Java allows users to define complex data type, like modern languages do. When manipulating XML instances, two different ways can be used: the first one is event based and conforms to the SAX handlers, the second one is tree based and is DOM standard compliant.

In this poster we present an high-level integration of XML to Java, providing XML transducers based on tree view. This gives a homogeneous view of XML within Java code, and and lets users to manipulate such objects like any other ones, without constraint.

Keywords

Language extension, XML transducers and Embedded XML.

1. INTRODUCTION

XML[1] Java[6] tools are actually based on two standards. The first one is SAX[12], which is event based . The second one is tree based and called DOM[9]. Both propose only a low level management dedicated to XML instances.

At the opposite, AxE approach is to provide expressive features for XML manipulation. AxE is a simple macro language one could see as Java extension. This brings an expressive level dedicated for XML manipulation. XML manipulations means :

a decomposition mechanism and
a composition mechanism

A decomposition must introduce a simple mechanism for information extraction when the instance is complex. In order to provide such a mechanism we introduce a well known concepts in functional programming languages like Objective-Caml[2] : the pattern matching.

The composition is the capability of building XML terms easily. Languages PHP[11] and JSP[10] are essentially based on such concept providing embedded language in HTML. In both cases XML is the main language, and so the constructions are intrinsic. Our approach is slightly different as we consider Java is the reference language, enriched with XML. Nevertheless, as we will see the methodology is in fact the same but well formed XML term is implied by the syntax in AxE in opposition with PHP or JSP where this condition is not statically verified.

2. Decomposition mechanism

The pattern matching introduces a structural decomposition mechanism based on XML tree.

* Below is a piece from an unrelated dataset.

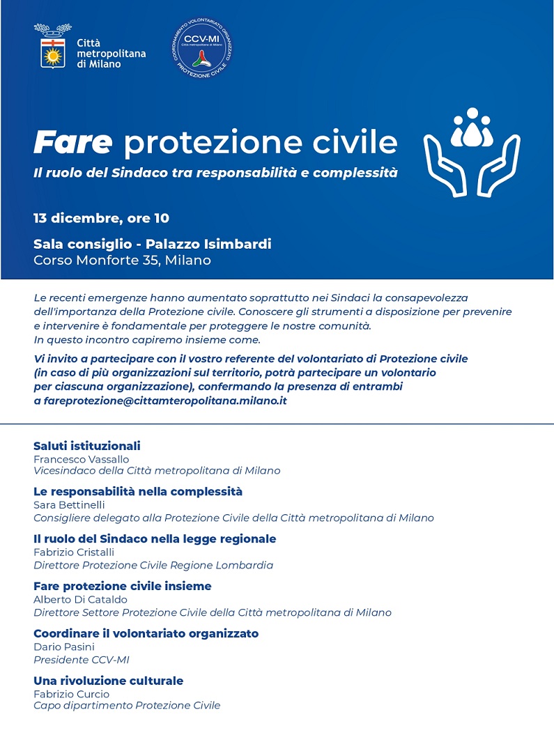 Fare Protezione Civile, Il ruolo del sindaco tra responsabilità e complessità questo il tema di un incontro di formazione promosso da Città metropolitana di Milano in collaborazione con il CCV-MI (Comitato di Coordinamento del Volontariato Organizzato di Protezione Civile della Città metropolitana di Milano) che si è tenuto a Palazzo Isimbardi.

In our approach we define an XML term by :

a tag composed by a name, a set of attributes and a content,
the empty term
a text block called cdata and
a sequence of XML term.

In the following a tag, the empty term and a text block are called atomic terms in opposition with the sequence which is a set of terms. When performing the pattern matching, such structures must be identified in a natural way.

2.1 Matching atomic terms

The pattern matching introduces terms decomposition expressed by a set of rules like :

  match $term with
    <TagName att1=$val1 att2='V2'>$content</>   (1)
       { ... }
  | <$name att1=$val1 att2='V2'>$content</>     (2)
       { ... }
  | <_ att1=$val1 att2='V2'>$content</>         (3)
       { ... }
  | /* nothing */                               (4)
       { ... }
  | _ when { $term.isCdata() }                  (5)
       { ... }
  end

Rules (1) (2) and (3) introduces tag matching with an attribute att2 with a value V2 and maybe an attribute att1. In the rule (1) the tag name must be TagName, in rules (2) and (3) the tag name is ignored but unified with $name in (2). The rule (4) introduces the empty matching and finally the rule (5) introduces the cdata matching based on conditional matching.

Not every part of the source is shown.